● **TASK INSTRUCTIONS**: The answer is the exact run of lines in the listing below from the line containing "Digitale Keukenweegschaal. Deze" up to and including the line containing "Механизм выключателя света", with pictures removed.

--- EXTRACTED RECORDS Enclosed Below ---

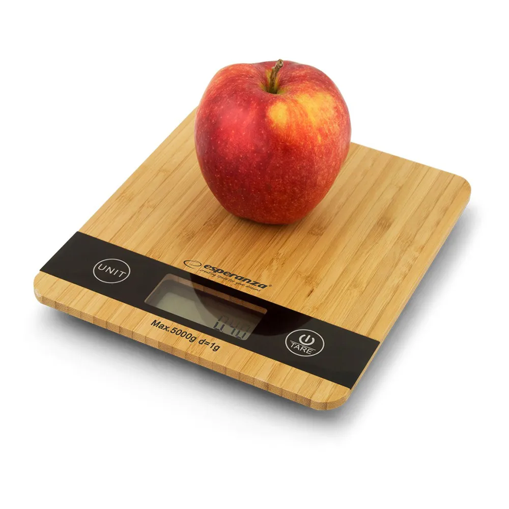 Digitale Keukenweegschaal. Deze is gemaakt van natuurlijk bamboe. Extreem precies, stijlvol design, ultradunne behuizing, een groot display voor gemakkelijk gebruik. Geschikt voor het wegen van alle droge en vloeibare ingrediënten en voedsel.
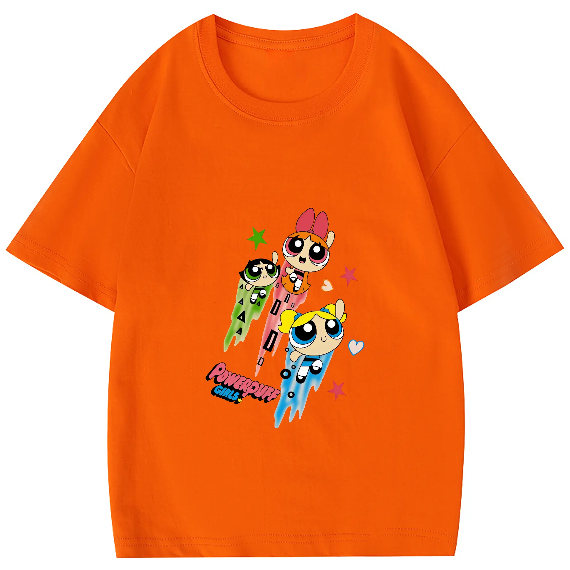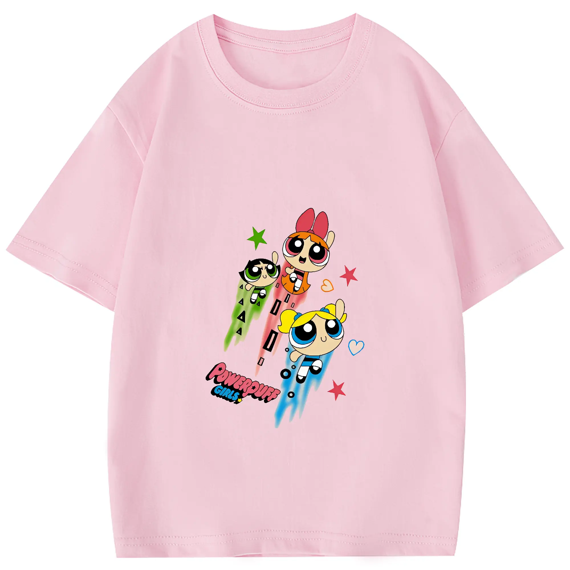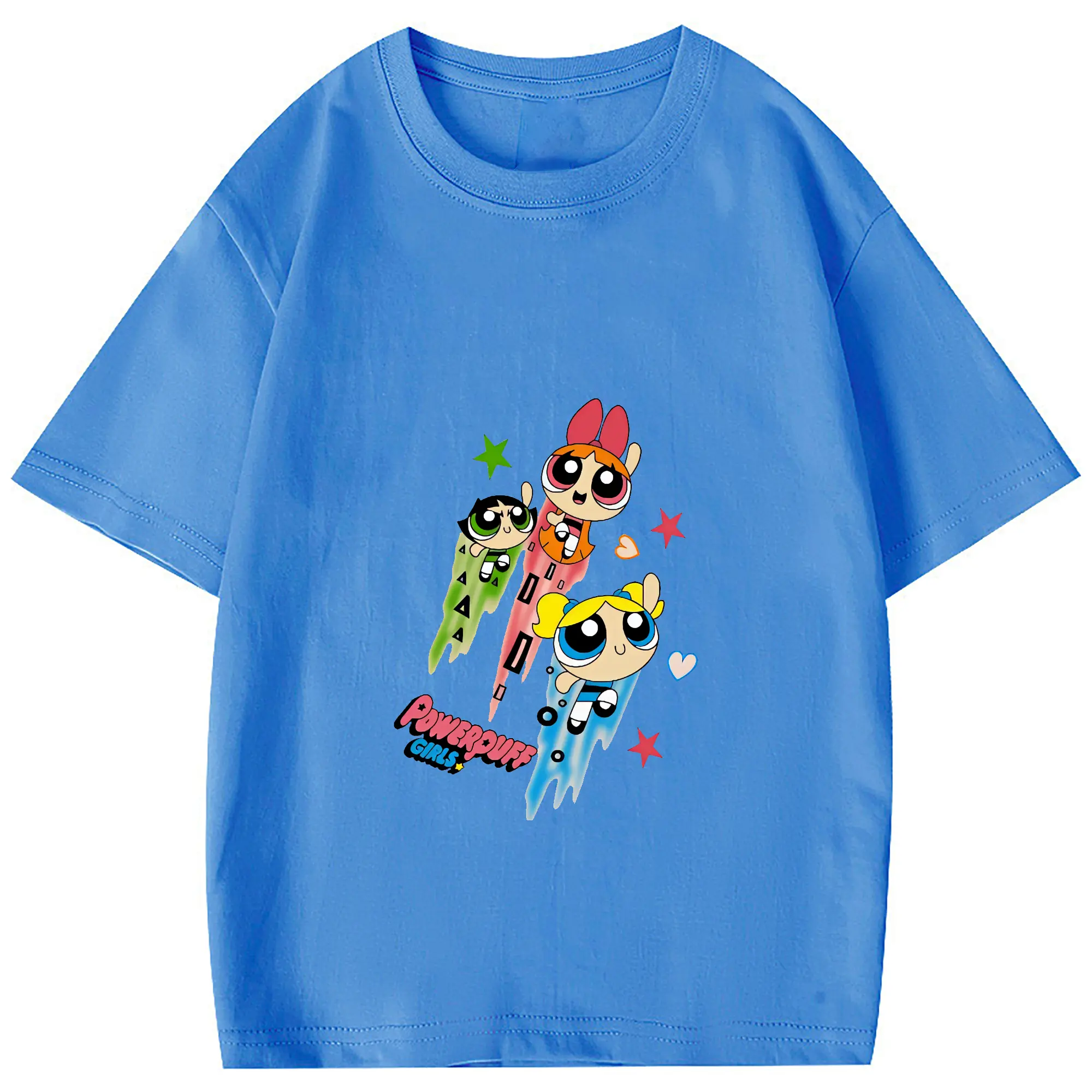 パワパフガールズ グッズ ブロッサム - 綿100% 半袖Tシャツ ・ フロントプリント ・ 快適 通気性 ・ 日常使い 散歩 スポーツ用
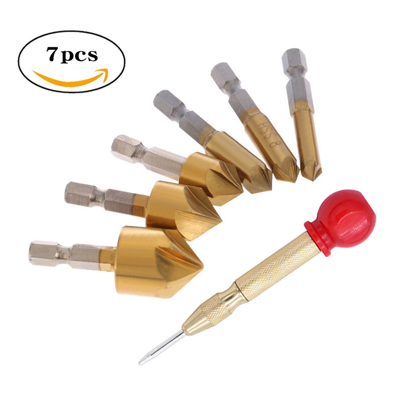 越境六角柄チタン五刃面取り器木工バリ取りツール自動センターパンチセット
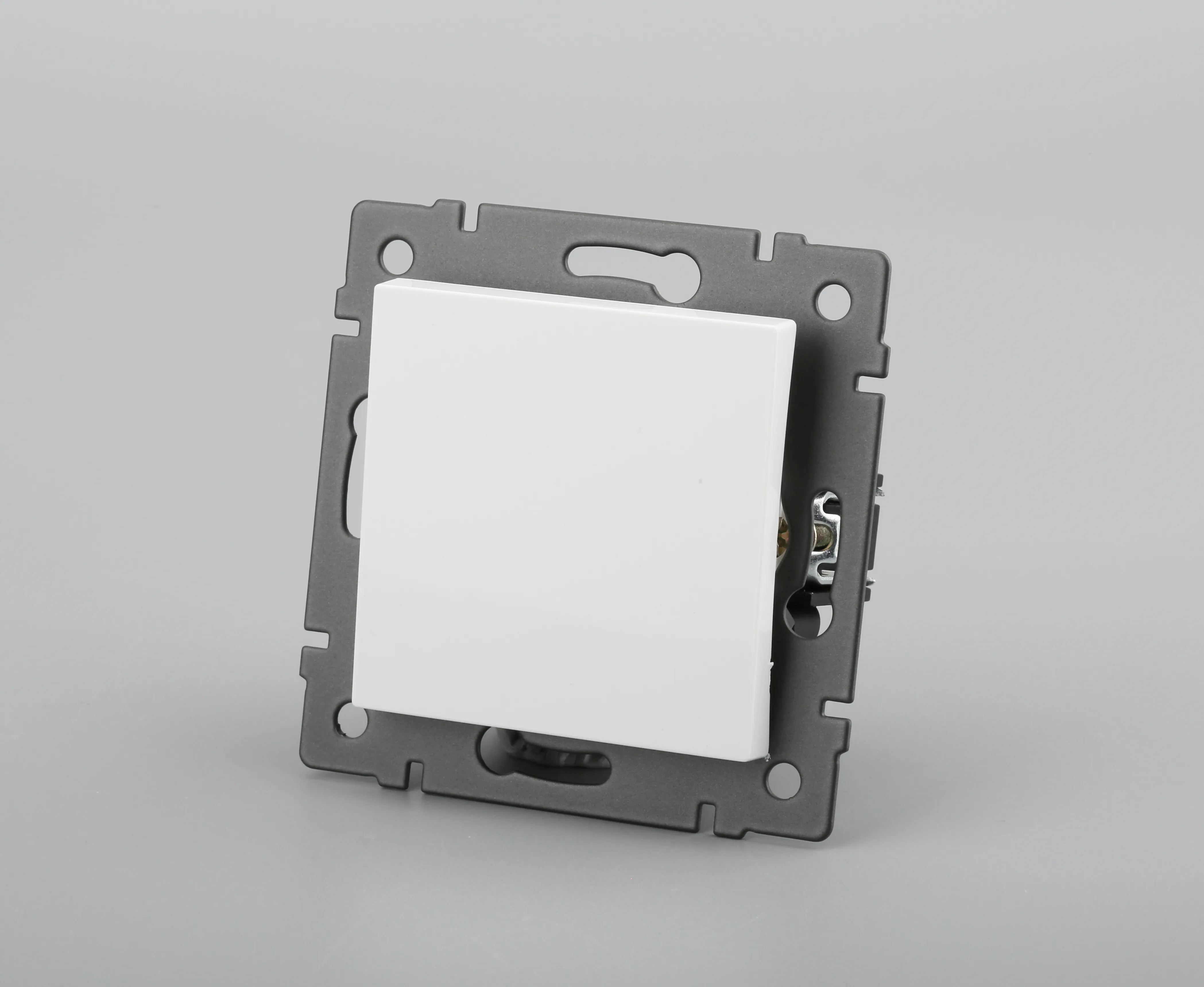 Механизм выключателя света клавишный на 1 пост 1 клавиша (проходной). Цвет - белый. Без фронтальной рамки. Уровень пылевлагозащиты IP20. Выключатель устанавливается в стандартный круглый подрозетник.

--- End of Enclosed EXTRACTED RECORDS ---
--- EXTRACTED RECORDS Enclosed Below ---

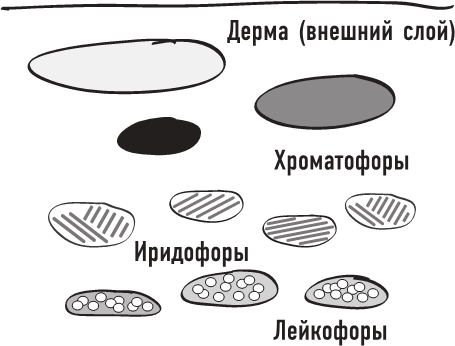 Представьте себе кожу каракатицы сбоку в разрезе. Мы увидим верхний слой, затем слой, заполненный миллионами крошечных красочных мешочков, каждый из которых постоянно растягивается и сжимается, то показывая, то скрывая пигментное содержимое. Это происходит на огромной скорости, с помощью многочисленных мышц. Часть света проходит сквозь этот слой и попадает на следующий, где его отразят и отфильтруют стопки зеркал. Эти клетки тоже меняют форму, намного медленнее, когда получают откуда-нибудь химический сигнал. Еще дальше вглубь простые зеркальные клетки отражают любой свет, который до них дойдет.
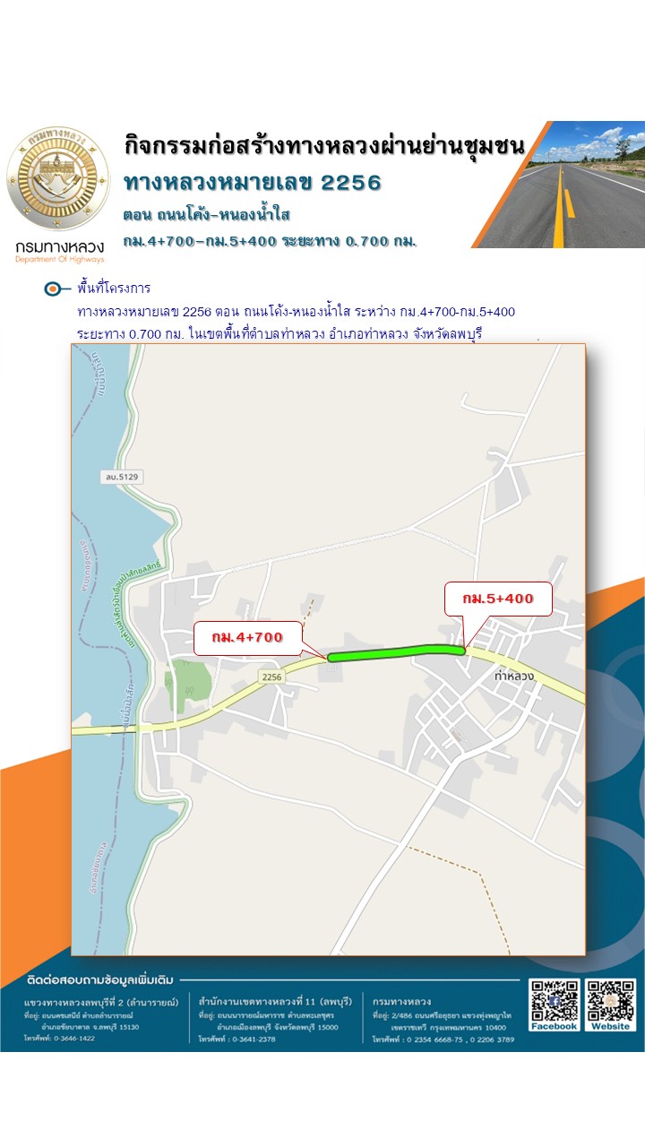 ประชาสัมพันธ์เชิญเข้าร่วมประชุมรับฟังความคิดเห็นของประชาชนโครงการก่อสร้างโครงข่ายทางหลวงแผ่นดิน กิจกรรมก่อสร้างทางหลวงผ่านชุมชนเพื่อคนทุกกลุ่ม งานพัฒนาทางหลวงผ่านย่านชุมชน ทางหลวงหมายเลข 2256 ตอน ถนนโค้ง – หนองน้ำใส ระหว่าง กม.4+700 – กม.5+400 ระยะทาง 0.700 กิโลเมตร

--- End of Enclosed EXTRACTED RECORDS ---
--- EXTRACTED RECORDS Enclosed Below ---

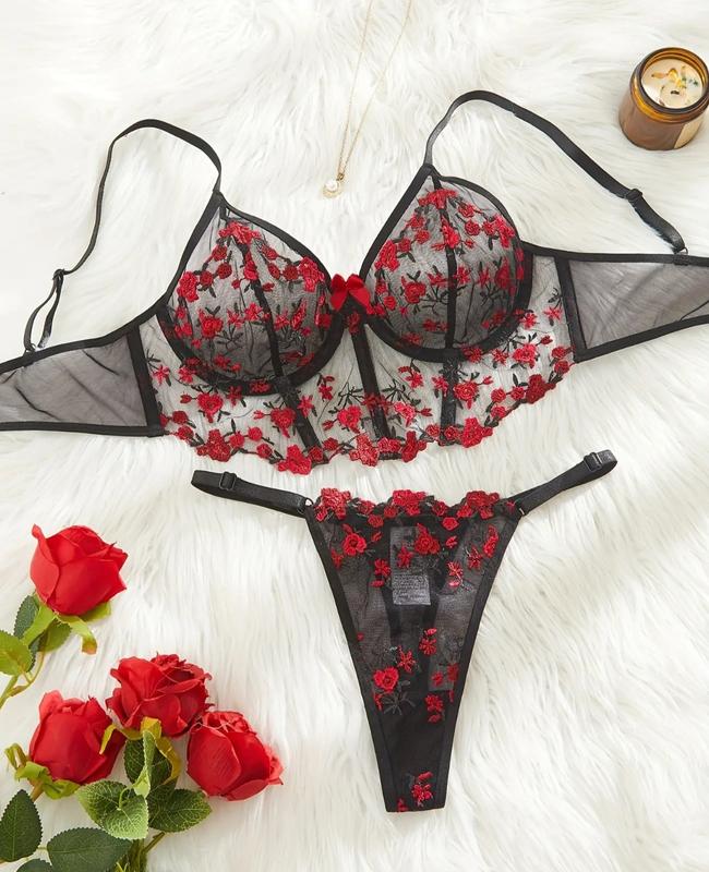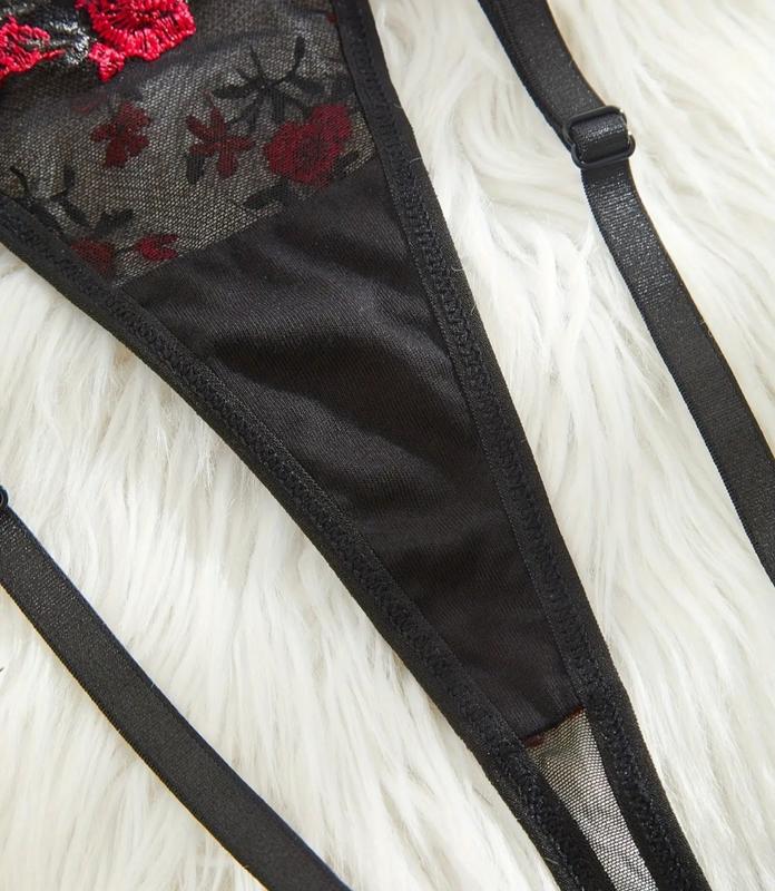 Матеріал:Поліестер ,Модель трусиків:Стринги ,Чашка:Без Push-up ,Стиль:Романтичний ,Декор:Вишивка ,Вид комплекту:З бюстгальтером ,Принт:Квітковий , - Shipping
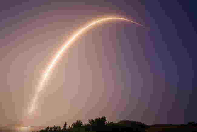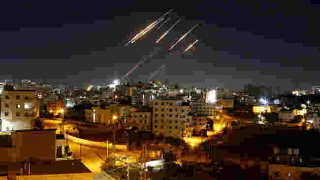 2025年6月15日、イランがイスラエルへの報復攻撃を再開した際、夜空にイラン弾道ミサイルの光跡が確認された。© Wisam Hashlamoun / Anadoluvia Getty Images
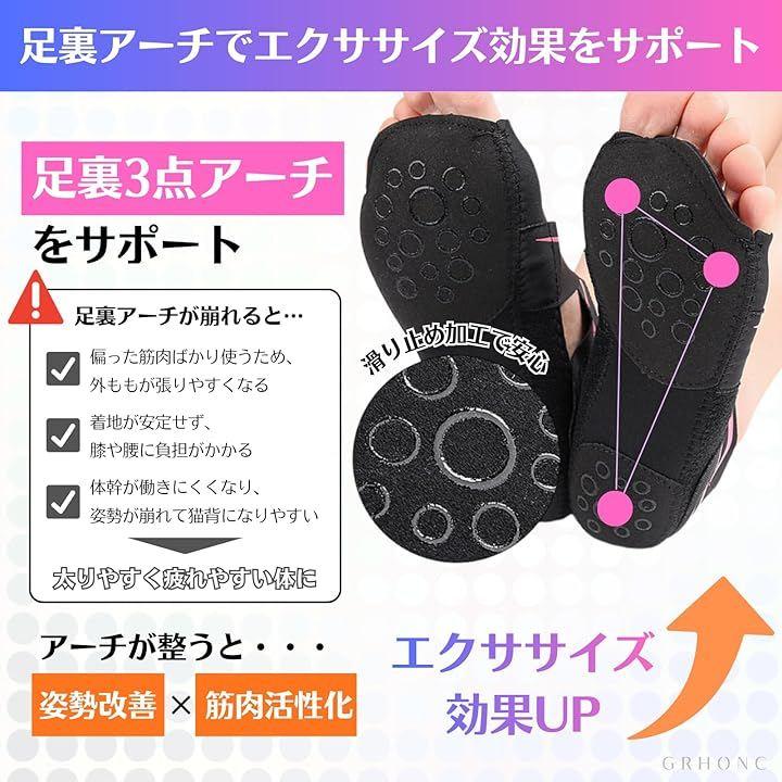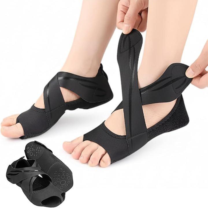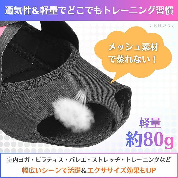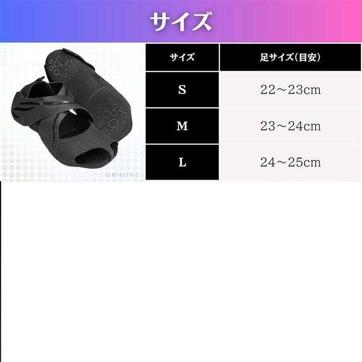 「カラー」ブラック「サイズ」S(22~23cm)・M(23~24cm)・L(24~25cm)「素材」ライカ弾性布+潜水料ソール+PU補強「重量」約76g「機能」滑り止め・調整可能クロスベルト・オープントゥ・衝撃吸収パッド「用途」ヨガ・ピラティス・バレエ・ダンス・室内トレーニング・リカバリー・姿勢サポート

--- End of Enclosed EXTRACTED RECORDS ---

● **EXPECTED ANSWER**:
 Digitale Keukenweegschaal. Deze is gemaakt van natuurlijk bamboe. Extreem precies, stijlvol design, ultradunne behuizing, een groot display voor gemakkelijk gebruik. Geschikt voor het wegen van alle droge en vloeibare ingrediënten en voedsel.
 パワパフガールズ グッズ ブロッサム - 綿100% 半袖Tシャツ ・ フロントプリント ・ 快適 通気性 ・ 日常使い 散歩 スポーツ用
 越境六角柄チタン五刃面取り器木工バリ取りツール自動センターパンチセット
 Механизм выключателя света клавишный на 1 пост 1 клавиша (проходной). Цвет - белый. Без фронтальной рамки. Уровень пылевлагозащиты IP20. Выключатель устанавливается в стандартный круглый подрозетник.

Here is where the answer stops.